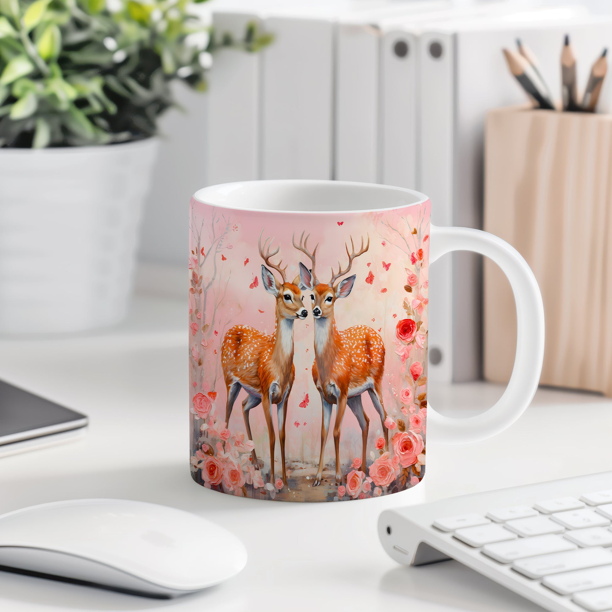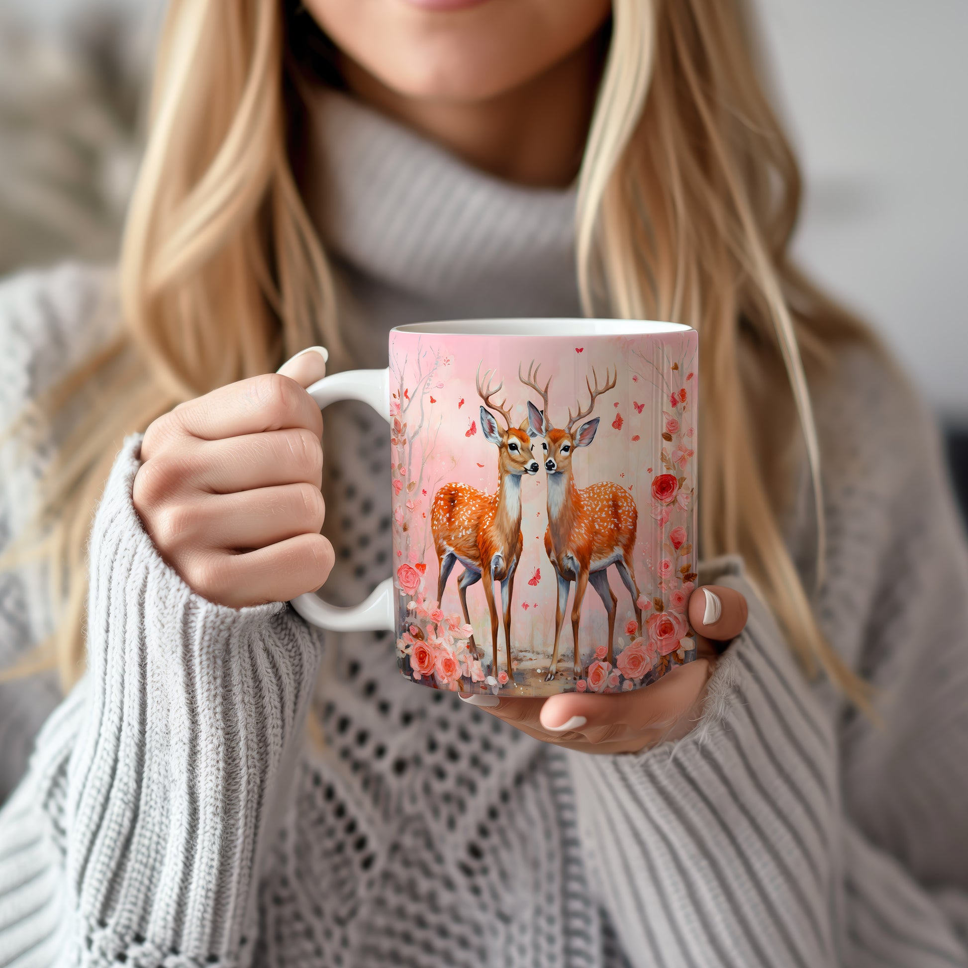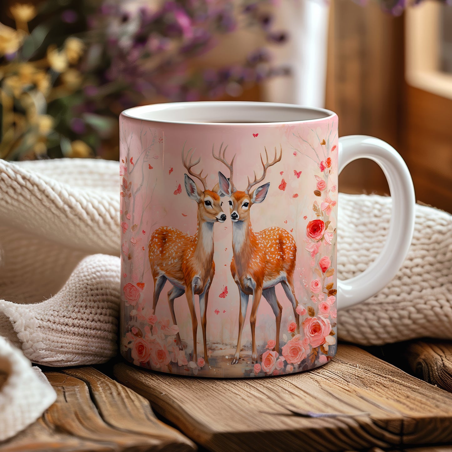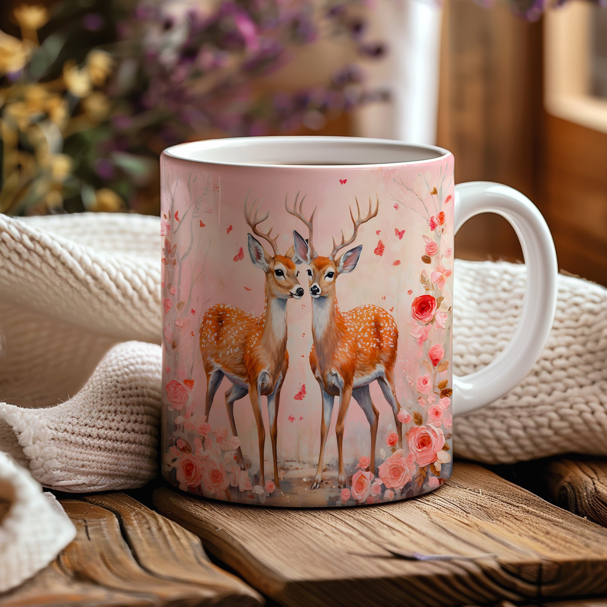 Objevte kouzlo přírody s naším hrnkem s motivem jelenů na jemně růžovém pozadí. Ideální pro milovníky přírody a romantiků, kteří ocení detailní ilustraci a jemné tóny. Přineste si kousek lesa do svého domova a užijte si každé ráno s úsměvem.
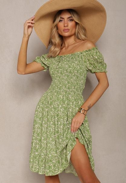 Jasnozielona Rozkloszowana Sukienka Bawełniana w Kwiaty z Hiszpańskim Dekoltem Xallona
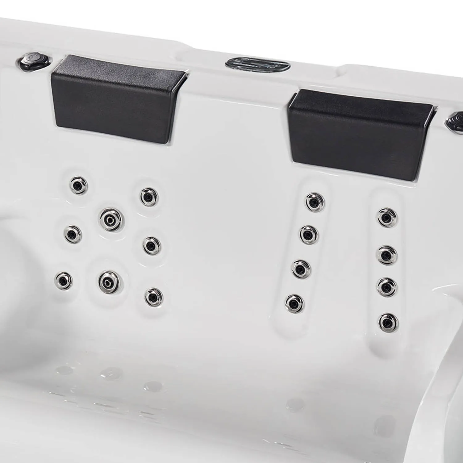 - 23 массажных форсунок с регулировкой направления потока, 2 удобных подголовника и глубина 1430 мм для полного расслабления;
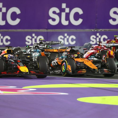 サウジアラビアGP決勝の1周目ターン1でマックス・フェルスタッペンとオスカー・ピアストリが2台並んでアプローチし、フェ...
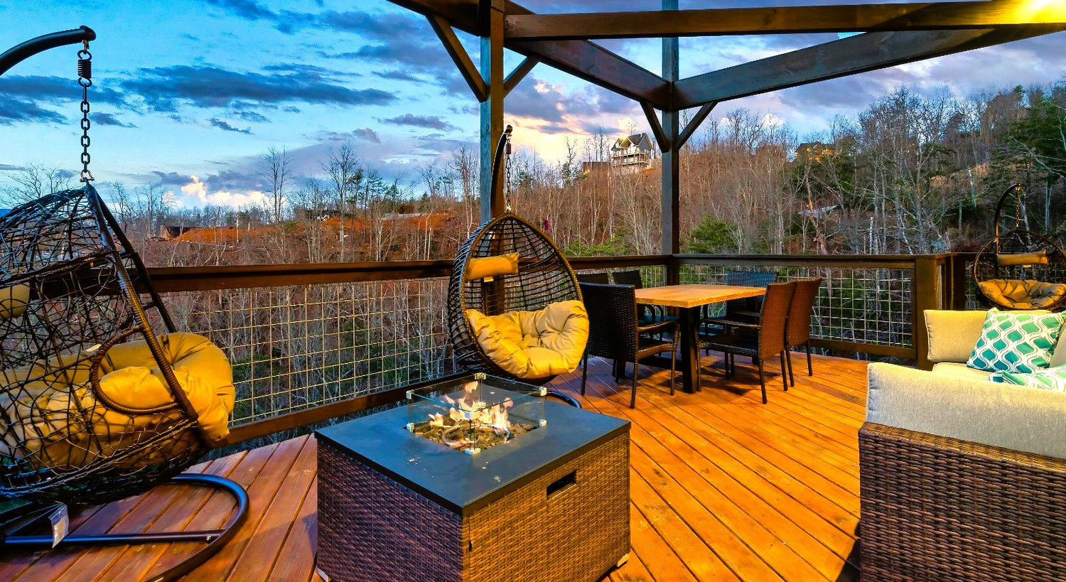 Enjoy Gatlinburg’s unrivaled natural beauty, without ever leaving home. Step onto either of the two shady and private decks to enjoy unparalleled panoramas of the Smokies and the valley below. Relax on a choice of luxury seating areas, including cozy egg chairs. Enjoy coffee and breakfast before heading out on a hike, then sink into the bubbling hot tub afterward. Roast marshmallows at the fire pit, surrounded by your loved ones. Eat, drink, and be merry!
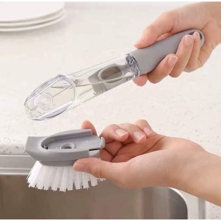 ➡ Sử dụng dễ dàng: tháo miếng cọ, đổ nước rửa vào phần chứa ở tay cầm, lắp lại & không lo hết nước rửa.
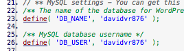 J'ai ouvert le fichier config et j'ai indiqué le nom de la base de données fourni par OVH.
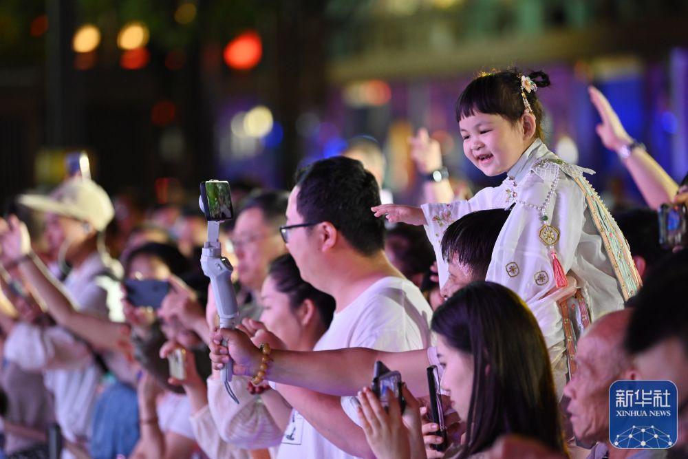 ↑5月15日,在西安大唐不夜城,身著古裝的小朋友騎在父親的肩上參與互動演出。新華社記者 宋為偉 攝
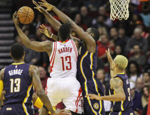 The Rockets twice forced Pacers guard Monta Ellis into misses inside
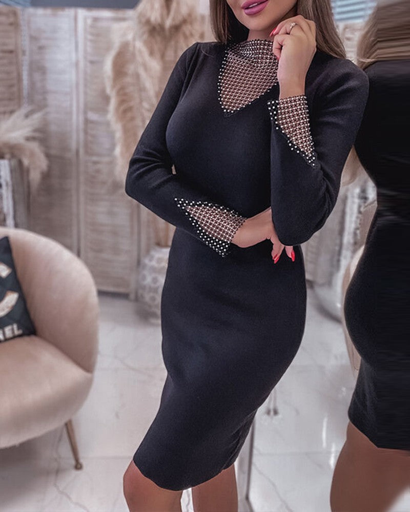 Contrast Sequin Hollow Out Long Sleeve Dress
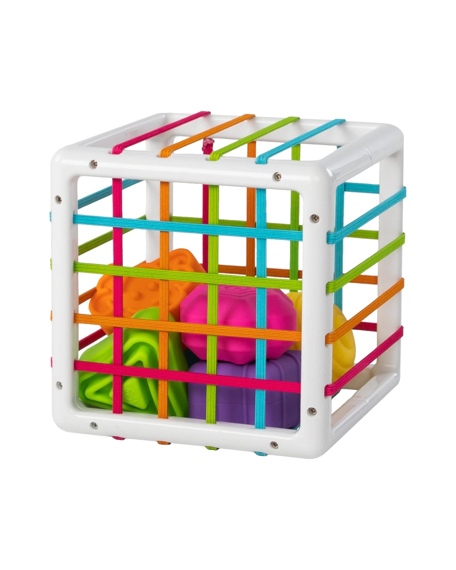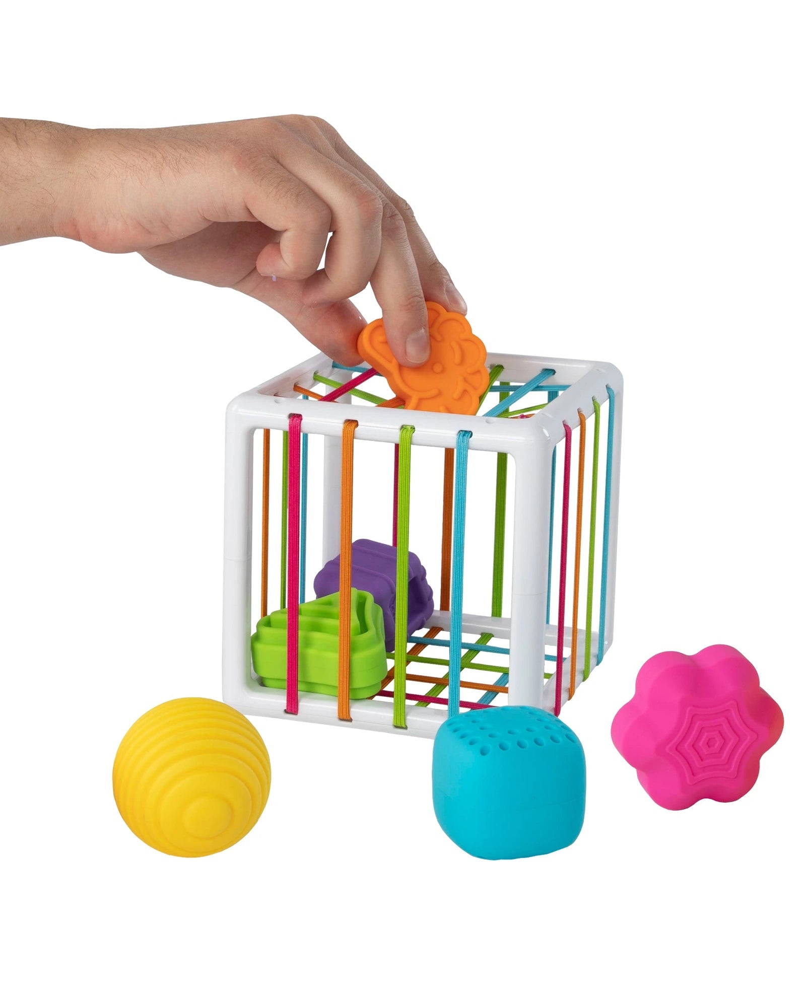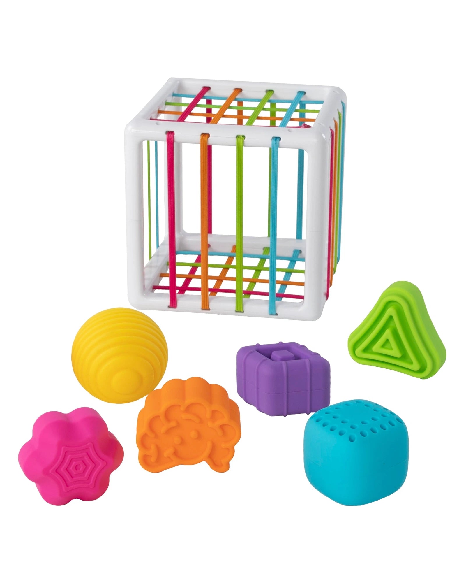- 6 chunky, uniquely textured shapes fit through the elastic bands of the cube
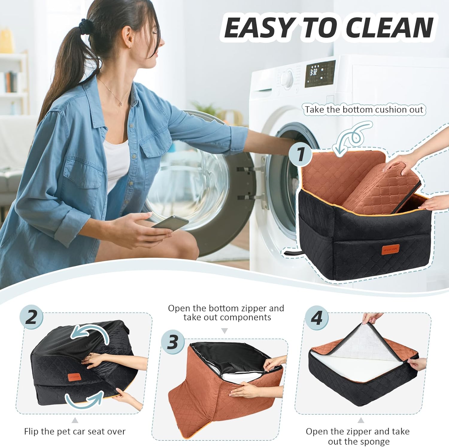 • Multi-functional Use: The small dog car seat is not only suitable for vehicles, but can also be used as a dog bed at home, outdoors or in a tent, providing your dog with a comfortable resting space anwhere. It has a removable and washable cover, simply open the zipper and take out the sponge to clean the cover. Please note that the inner sponge is not washable
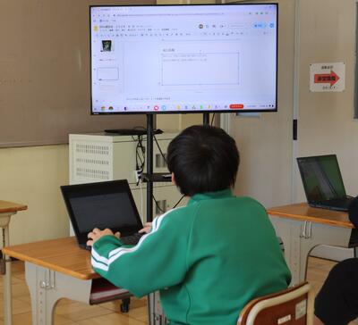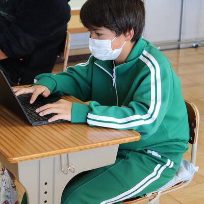 あおぞら学級では、パソコンを使って、授業参観の準備をしていました。
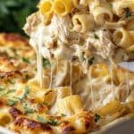 This recipe serves about 4 to 6 people as a main course. To double the batch, use a larger casserole and extend baking time by 5–7 minutes, checking for bubbling cheese. If halving, a smaller dish works great, and the baking time shrinks by a few minutes. For metric conversions: 12 oz pasta is about 340 grams, 1 ½ cups Alfredo sauce roughly 360 ml, and 3 cups cooked chicken ~360 grams.
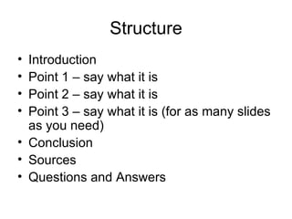 This document provides an outline for a presentation, including sections for an introduction, multiple points with supporting details, a conclusion, sources, and time for questions and answers. The introduction should overview the topic. Each point should bullet list thoughts and consider adding photos. The conclusion should bullet list 3-4 conclusions. Sources should widely cite relevant websites, materials, and notes. The presentation should end by thanking the audience and inviting questions.
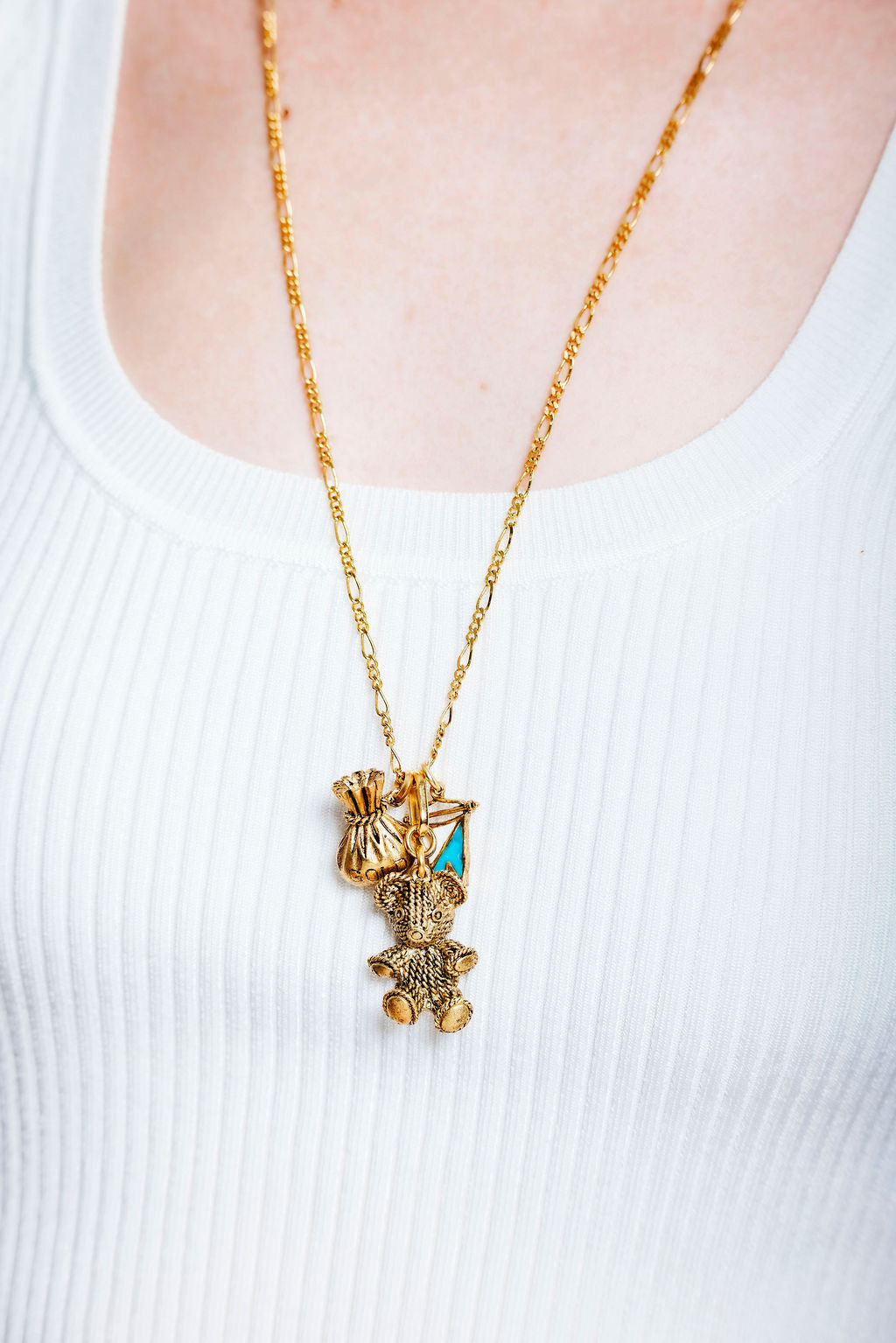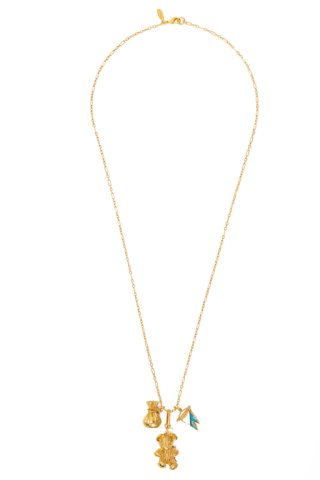 This playful Teddy Necklace features a delicate Figaro chain adorned with a textured teddy bear charm, a bag of gold charm, and a bright blue and white enamel flag charm. It's a fun and charming accessory that adds a touch of personality and joy to any outfit. 24k Gold Plate. Lobster Claw Closure. Proudly made in the U.S.A
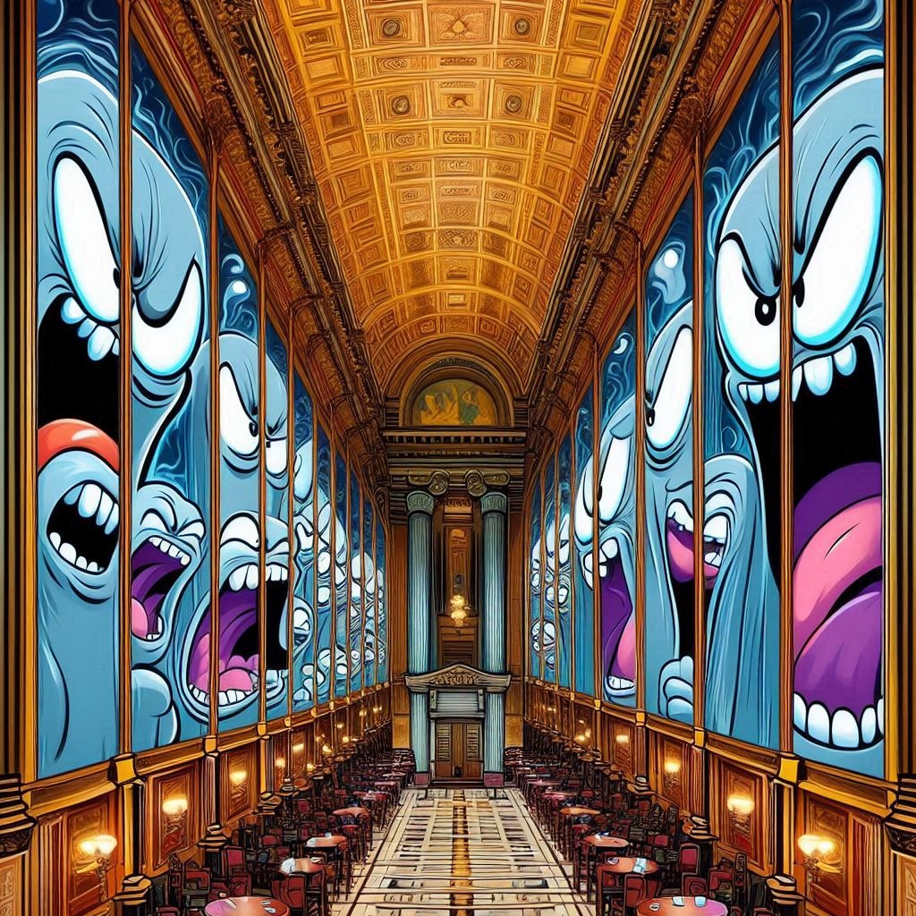 Vocals: manic theatrical male vocals alternating between whispering, melodic singing, yelling, sarcastic spoken lines

Exercise directions. Without the pictures, reproduce each line from the one containing "This playful Teddy" through the last line of the material above, both of those lines included.

Solved problem.
 This playful Teddy Necklace features a delicate Figaro chain adorned with a textured teddy bear charm, a bag of gold charm, and a bright blue and white enamel flag charm. It's a fun and charming accessory that adds a touch of personality and joy to any outfit. 24k Gold Plate. Lobster Claw Closure. Proudly made in the U.S.A
 Vocals: manic theatrical male vocals alternating between whispering, melodic singing, yelling, sarcastic spoken lines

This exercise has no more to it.